Now, Tower of Silence is an interesting case. By far the longest song on The Unfailing Rope, I understand it was supposed to be one of its crown jewels, but I thought it lacked the dynamism and the muscle of songs like Trepanation and Gutter. I mean, it’s a fine doom metal song, but it feels a little out of place on this record? Even the lyrics are less in-your-face and more allegoric than any other song on The Unfailing Rope. Still, I loved its drone intro and slow build-up. Also great use of the bass to enhance the atmosphere in transitions. It’s loud and grungy in the mix.

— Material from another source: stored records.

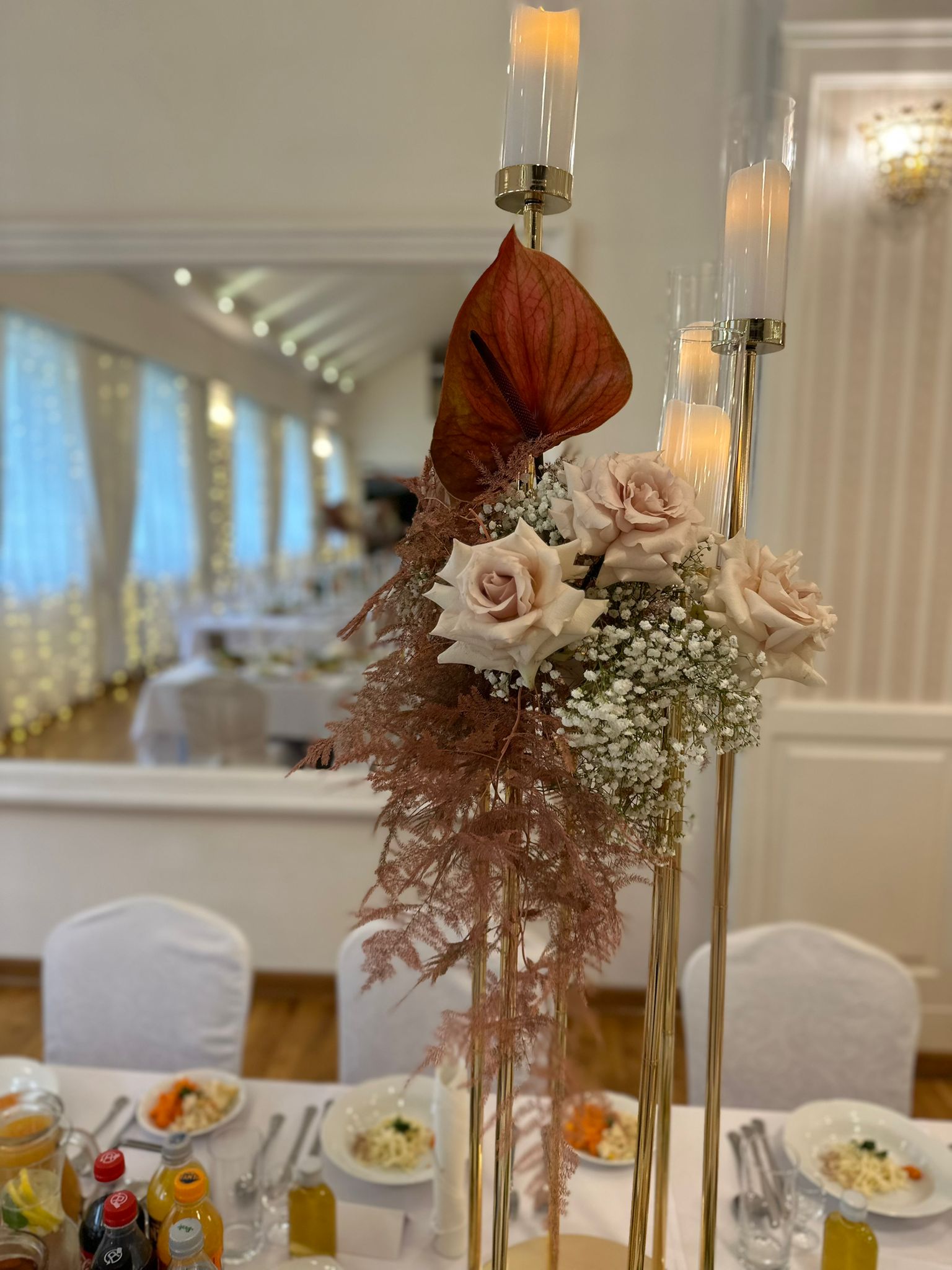 - Przygotujemy spektakularne kompozycje na stojakach, świecznikach, szkle lub w wazonach
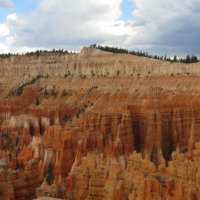 Je m’arrête donc à Sunset Point, perché à environ 2200 mètres, et je m’engage dans le sentier Navajo d’une distance de 2 kilomètres. C’est peu mais les dénivelés sont énormes puisque vous descendez pour remonter par la suite ! Je traverse ces fameux hoodoos, une belle forêt de pins avant de remonter sur le belvédère. La vue est grandiose. (un mini film panoramique est posté sur la page vidéo). L’orage malheureusement gronde et je regagne la voiture pour aller jusqu’au bout du parc à Bryce Point , belvédère à 2500 mètres qui surplombe ce magnifique amphithéâtre.
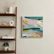 Acrylic and pencil abstract on wood panel. This abstract landscape was inspired by the colorful hills of France and the vibrant skies that accompany them. Painted on wood panel to let the texture shine, this piece is subdued yet full of life!
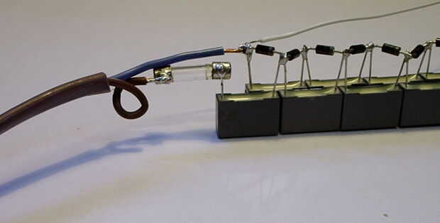También, es alto se recomienda poner este multiplicador de voltaje todo en una caja de proyecto y llene con parafina fundida (cera de vela). Fácilmente puede comprar parafina de la mayoría de tiendas de hobby.

I just don’t know how to feel about its elegiac qualities after getting so violently rattled prior to that. 
 
The closer Love is another noise track,which Sunrot is really great at. It’s never too chaotic and prioritizes sampling and atmosphere over the intuitive approach noise musicians usually have. You could almost call it dark ambient. Once again great use of power electronics elements to enhance the feeling of inner turmoil.

I understood from the promotional material that The Unfailing Rope was a very difficult record to make, but it is by any stretch of the imagination a bone-rattling punch in the face. Feelings of desolateness, isolation and consuming rage swirl around this bad boy like sharks in blood-infested water. The Unfailing Rope is a cathartic record that will exorcize your self-loathing like a metal priest. Not an everyday listen, but definitely an essential to get you through difficult times.